* **Brief**:
With pictures excluded, retype exactly every line from the one containing "comunicación al cambiador." to the end of the records below.

** Recorded data follows **

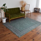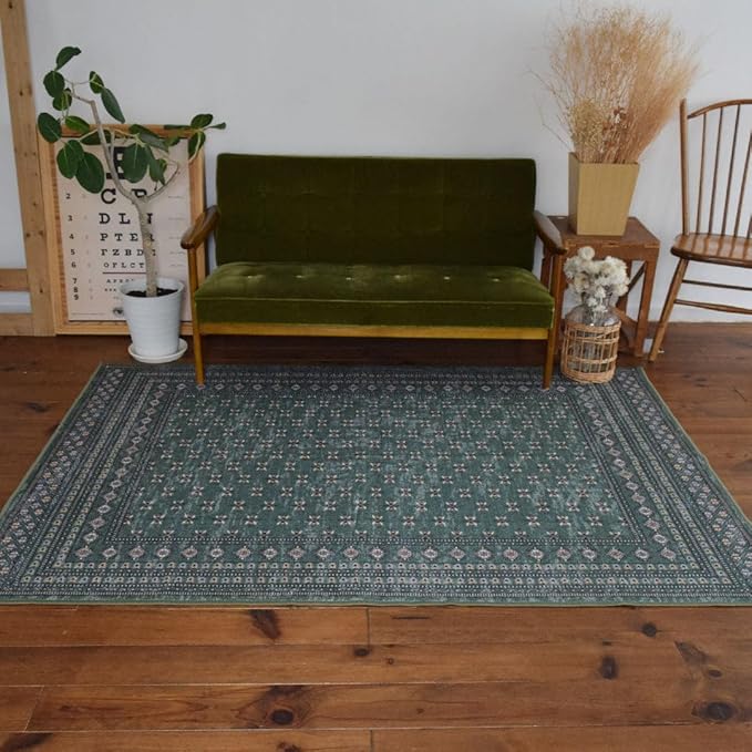 TOCO LIFE おしゃれで洗えるラグマット カーペット ブハラ ヴィンテージ風 4サイズ 1畳 1.5畳 2畳 2.5畳 滑り止め 速乾 床暖可 ホットカーペット対応 (グリーン, 200 200cm) | KAZESHOP
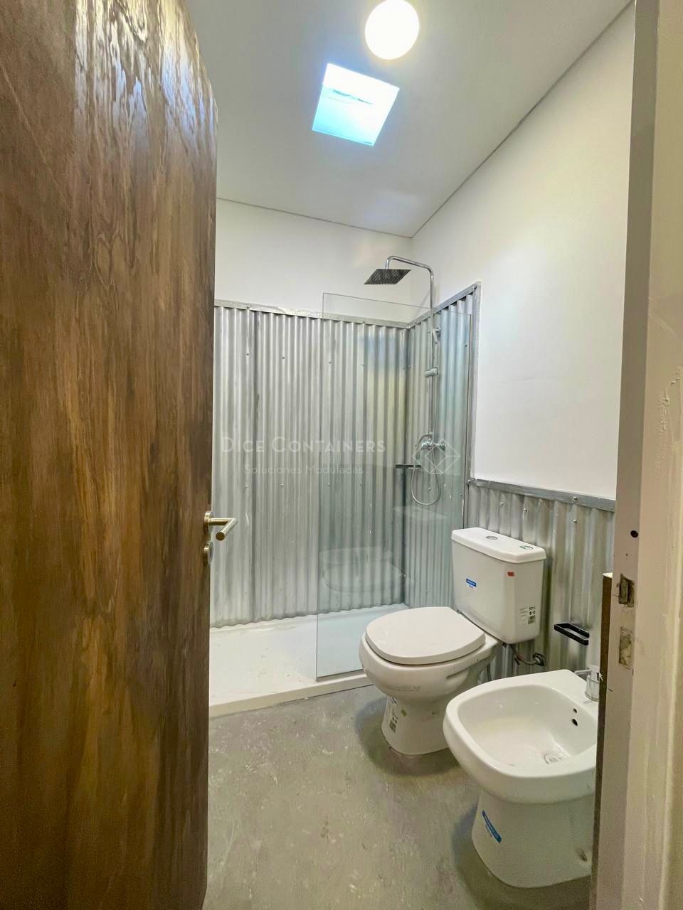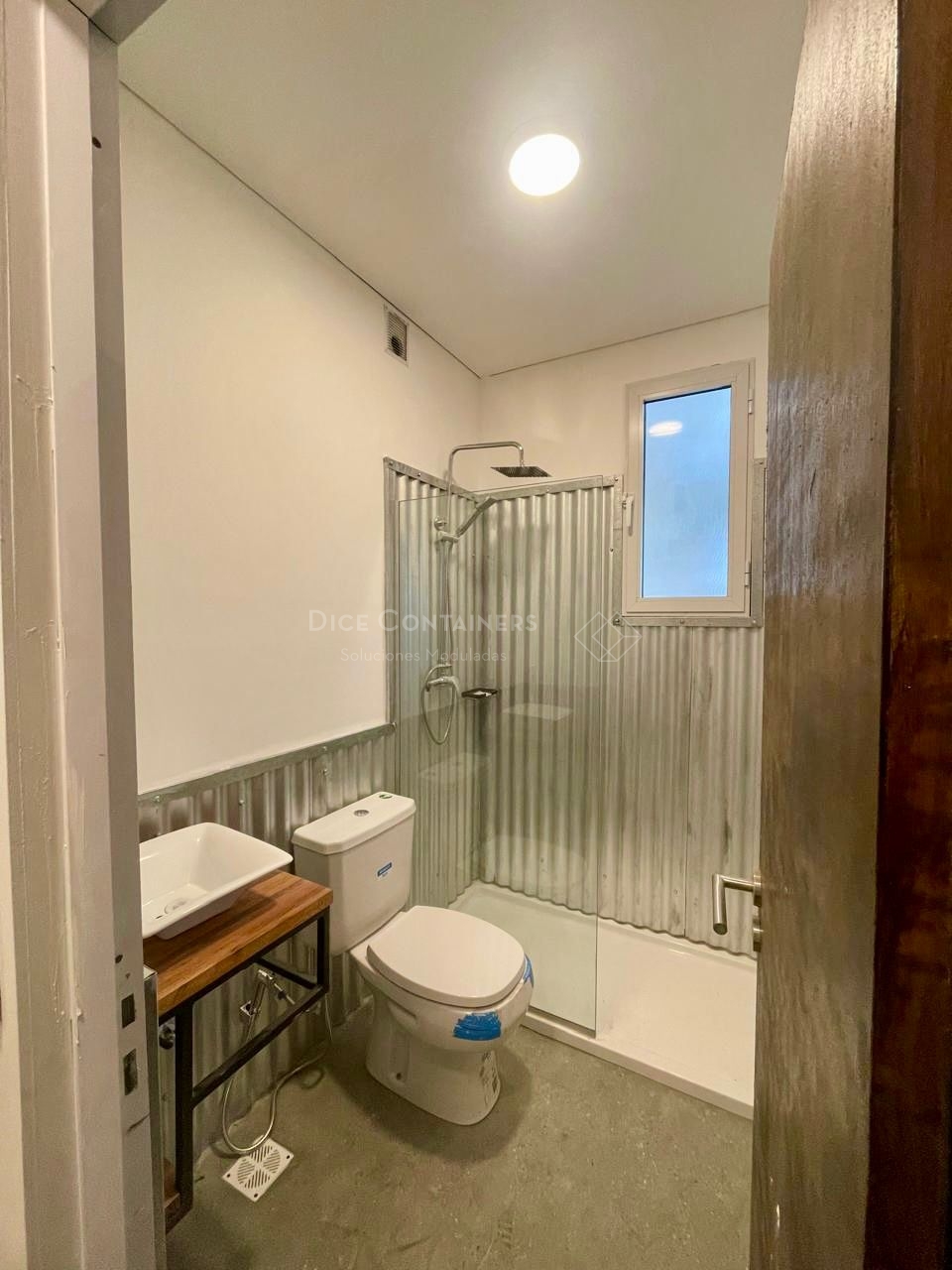 – Un (1) baño completo, incluye inodoro con deposito exterior, bidetmatic, receptáculo ducho (150cm x 70cm) + media ampara vidrio, calefón eléctrico y ventana (50 cm x 100 cm), puerta placa de comunicación al cambiador.
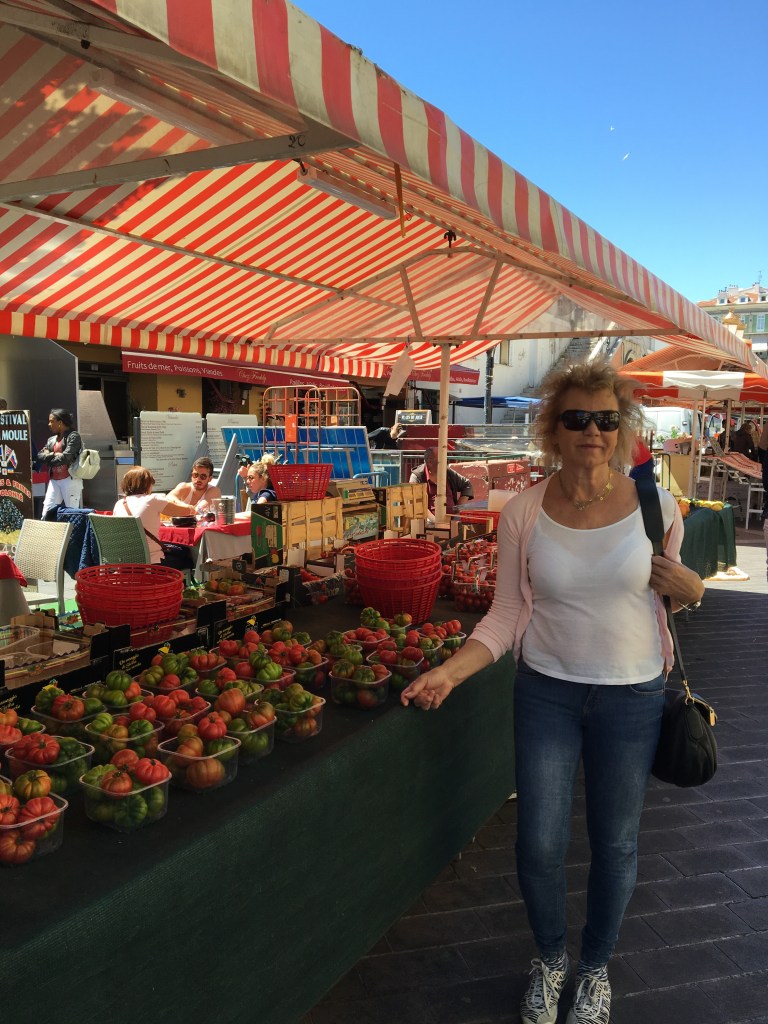 Köper gärna oliver, citroner, mandlar och annat på den trevliga marknaden och en kaffe på Pain & Cie är en återkommande tradition.
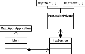 Mivel központi szerepet tölt be és bárhonnan elérhető — szemantikailag singleton —, az alkalmazásosztály ideális hely az IRC kapcsolat elhelyezésére. Az IRC szerverrel felépített kapcsolatot a Session osztály reprezentálja, elrejtve a bada hálózatkezelést és egyéb komponenseket a tisztaság kedvéért — ezeket a SessionPrivate osztály kezeli, a Session csak egy bridge a kliens és ez között. Mivel a hálózati műveletek alapvetően aszinkronok, observerek teszik lehetővé a kapcsolat állapotváltozásainak kezelését.
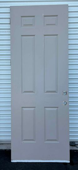 White, six-panel, primed steel, pre-hung exterior door. It features a right-hand inswing configuration. The approximate dimensions are 36 inches in $350Henderson, NV
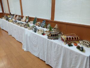 作品展示会では、陶芸教室やパッチワーク教室、切り絵教室等の力作が展示されました。
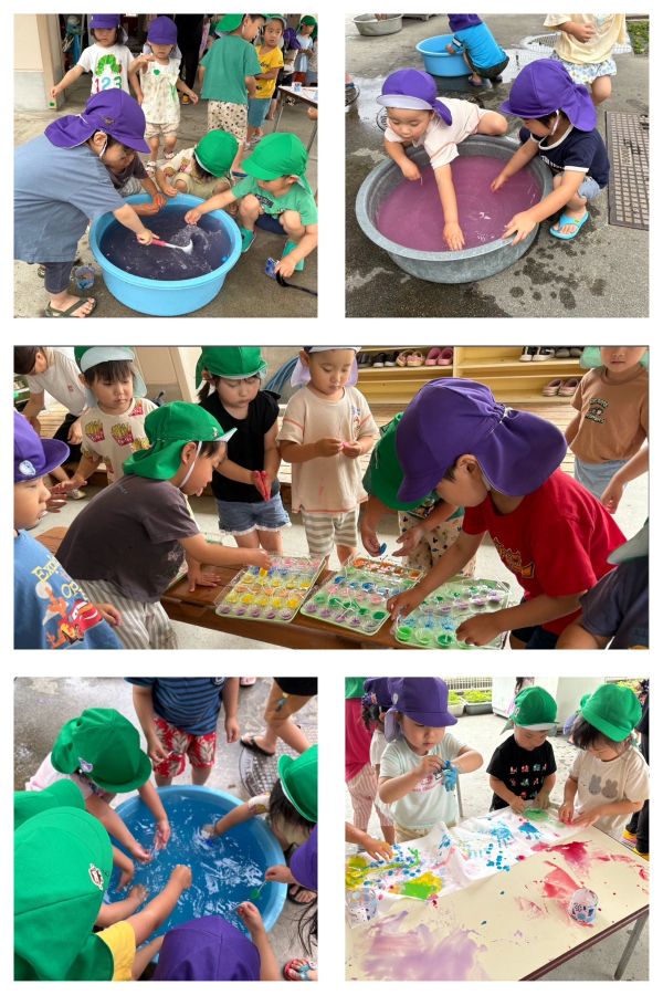 3歳児さんは絵の具を凍らせて、氷絵の具で絵を描きました。 氷が解けていく感覚を感じながら、いろんな色でお絵描きを楽しみました。
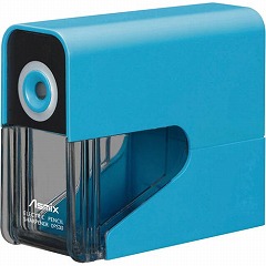 縦にも横にも置けてとってもスリム。持ち運べる。乾電池式電動シャープナー。
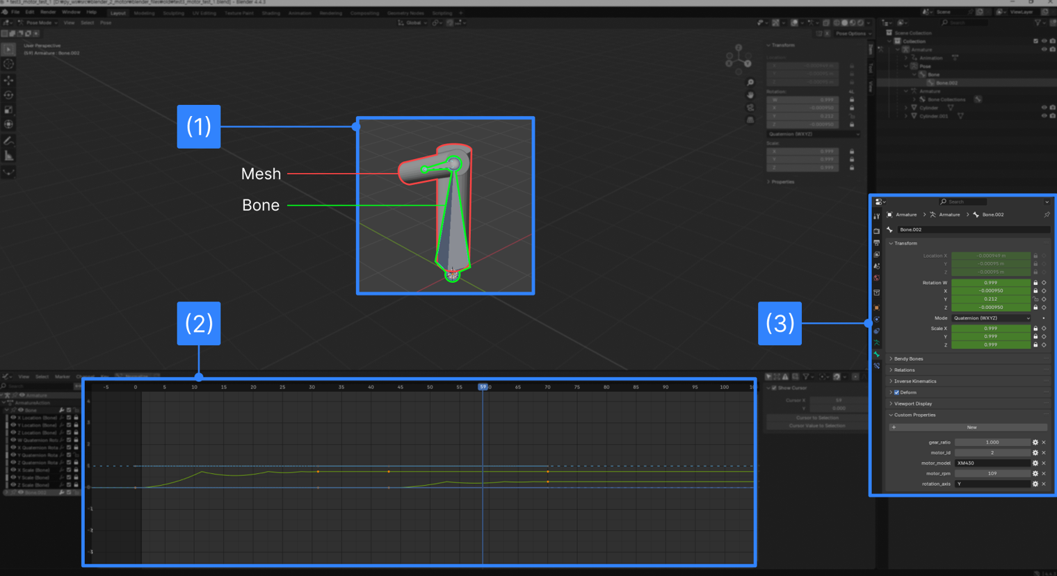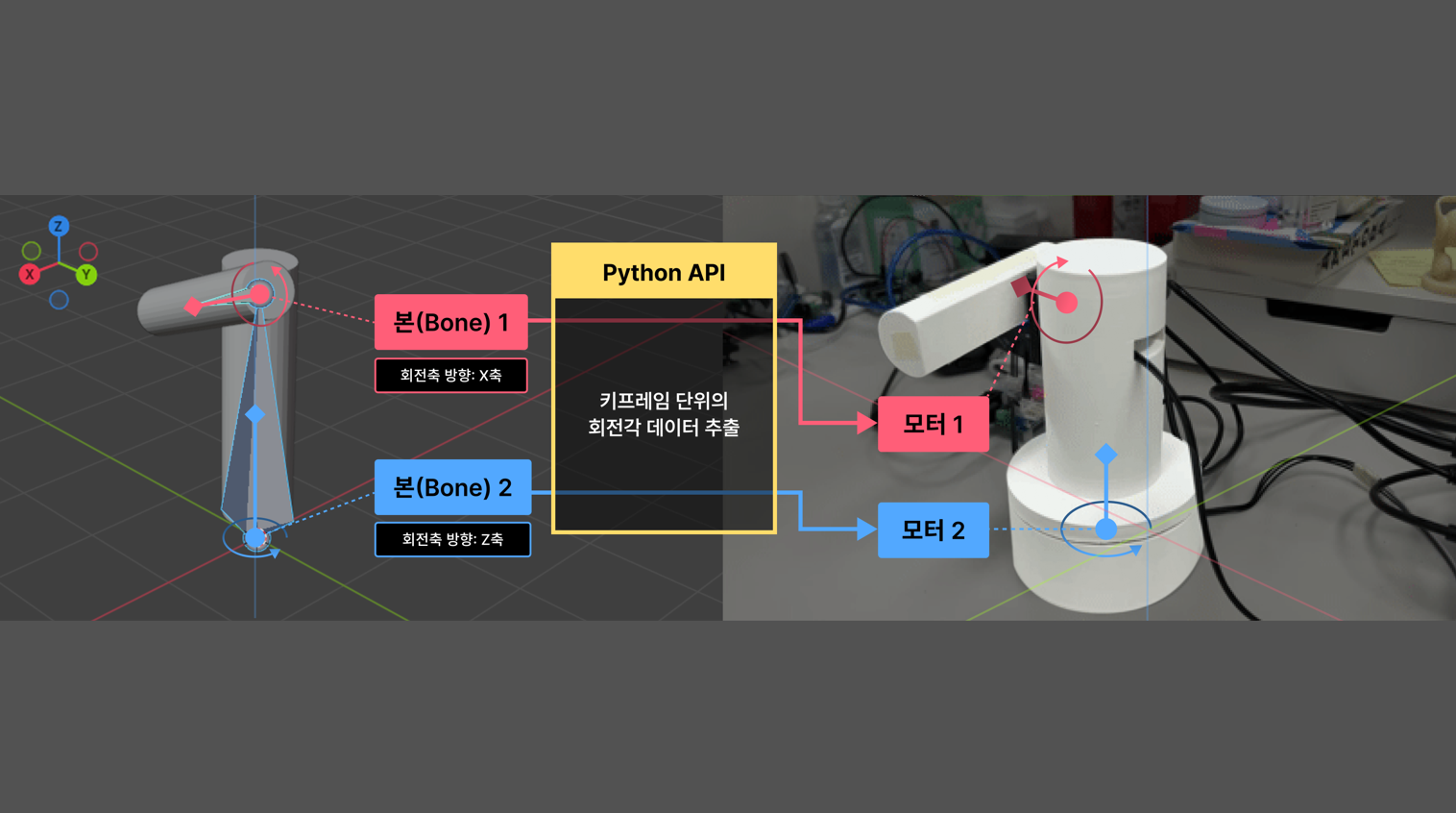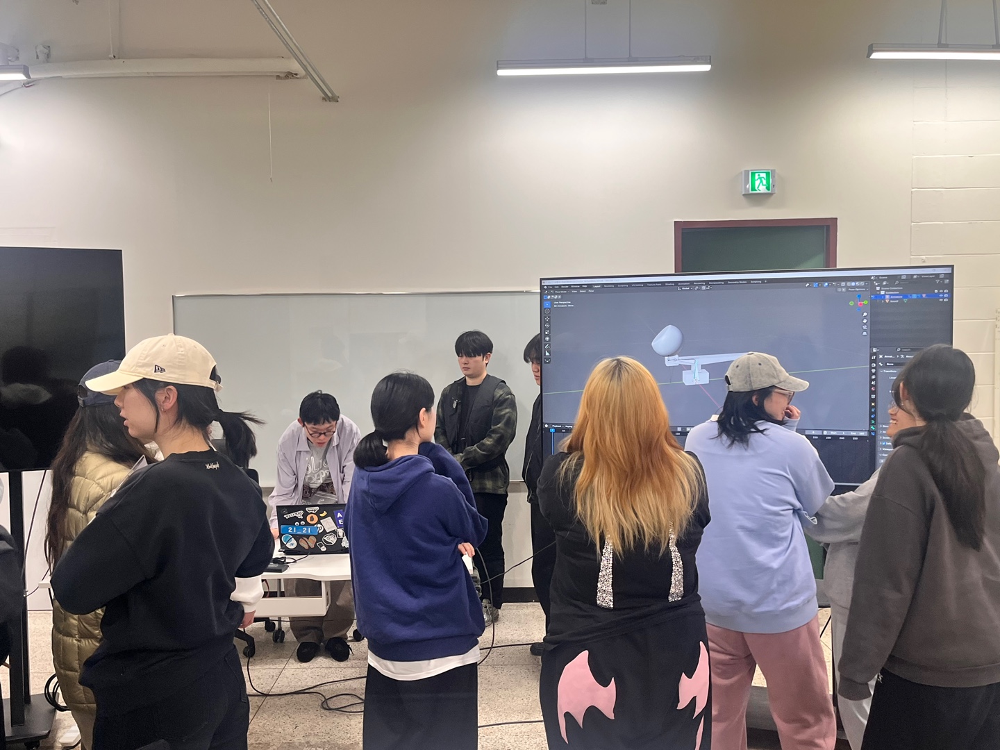 실습 세션에서는 학생들이 직접 키프레임 애니메이션을 제작하고, 움직임의 속도나 곡선(ease-in, ease-out)을 조정해 자연스러운 모션을 설계하는 과정을 경험했습니다. 제작된 애니메이션은 Blender2Motor 시스템을 통해 Dynamixel 모터로 전송되어 실제 로봇 팔 구조가 동일한 움직임을 수행하는 모습으로 재현되었습니다. 학생들은 자신이 디자인한 가상의 움직임이 물리적 세계에서 구현되는 과정을 통해, 디자인과 공학이 긴밀히 연결된 융합적 창작의 가치를 직접 체감했습니다.

** End of Recorded data **

* **Response area**:
 – Un (1) baño completo, incluye inodoro con deposito exterior, bidetmatic, receptáculo ducho (150cm x 70cm) + media ampara vidrio, calefón eléctrico y ventana (50 cm x 100 cm), puerta placa de comunicación al cambiador.
 Köper gärna oliver, citroner, mandlar och annat på den trevliga marknaden och en kaffe på Pain & Cie är en återkommande tradition.
 Mivel központi szerepet tölt be és bárhonnan elérhető — szemantikailag singleton —, az alkalmazásosztály ideális hely az IRC kapcsolat elhelyezésére. Az IRC szerverrel felépített kapcsolatot a Session osztály reprezentálja, elrejtve a bada hálózatkezelést és egyéb komponenseket a tisztaság kedvéért — ezeket a SessionPrivate osztály kezeli, a Session csak egy bridge a kliens és ez között. Mivel a hálózati műveletek alapvetően aszinkronok, observerek teszik lehetővé a kapcsolat állapotváltozásainak kezelését.
 White, six-panel, primed steel, pre-hung exterior door. It features a right-hand inswing configuration. The approximate dimensions are 36 inches in $350Henderson, NV
 作品展示会では、陶芸教室やパッチワーク教室、切り絵教室等の力作が展示されました。
 3歳児さんは絵の具を凍らせて、氷絵の具で絵を描きました。 氷が解けていく感覚を感じながら、いろんな色でお絵描きを楽しみました。
 縦にも横にも置けてとってもスリム。持ち運べる。乾電池式電動シャープナー。
 실습 세션에서는 학생들이 직접 키프레임 애니메이션을 제작하고, 움직임의 속도나 곡선(ease-in, ease-out)을 조정해 자연스러운 모션을 설계하는 과정을 경험했습니다. 제작된 애니메이션은 Blender2Motor 시스템을 통해 Dynamixel 모터로 전송되어 실제 로봇 팔 구조가 동일한 움직임을 수행하는 모습으로 재현되었습니다. 학생들은 자신이 디자인한 가상의 움직임이 물리적 세계에서 구현되는 과정을 통해, 디자인과 공학이 긴밀히 연결된 융합적 창작의 가치를 직접 체감했습니다.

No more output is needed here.